Associate Justice of the Boston Municipal Court
- In office 2014 – July 14, 2023
- Nominated by: Deval Patrick

Personal details
- Born: Myong Jin Joun (전명진) 1971 (age 54–55) Seoul, South Korea
- Education: University of Massachusetts Boston (BA) Suffolk University (JD)

Military service
- Allegiance: United States
- Branch/service: United States Army Massachusetts National Guard; ;
- Years of service: 1990–1996
- Unit: 1-101st Infantry Regiment, 26th Infantry Division 1-182nd Infantry Regiment, 42nd Infantry Division

= Myong J. Joun =

American judge (born 1971)

Myong Jin Joun (born 1971) is an American lawyer serving as a United States district judge of the United States District Court for the District of Massachusetts.
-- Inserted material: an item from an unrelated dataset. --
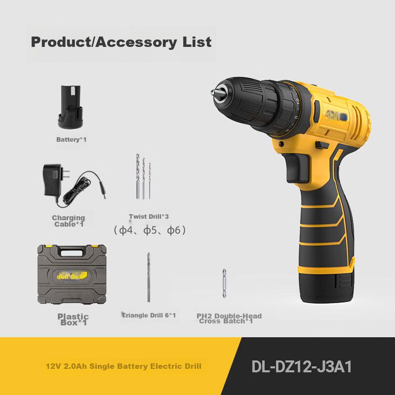 Taladro Eléctrico Deli Dl-Dz12-J3A1 12V 2.0Ah

He previously served as an associate judge of the Boston Municipal Court.

== Education ==

Joun earned a Bachelor of Arts degree from the University of Massachusetts Boston in 1994 and a Juris Doctor from the Suffolk University Law School in 1999.

== Career ==

From 1999 to 2007, Joun worked as an associate at Howard Friedman P.C. in Brookline He was a solo practitioner from 2007 to 2014. In 2014, Governor Deval Patrick nominated Joun to serve as an associate judge of the Boston Municipal Court. Joun also served in the United States Army and Massachusetts National Guard, serving in the 1-101st Battalion (26th Infantry Division) and the 1-182nd Battalion (42nd Infantry Division). Joun has worked with the ACLU of Massachusetts, the National Lawyers Guild, the Massachusetts Law Reform Institute, the American Bar Foundation and the Massachusetts Bar Foundation.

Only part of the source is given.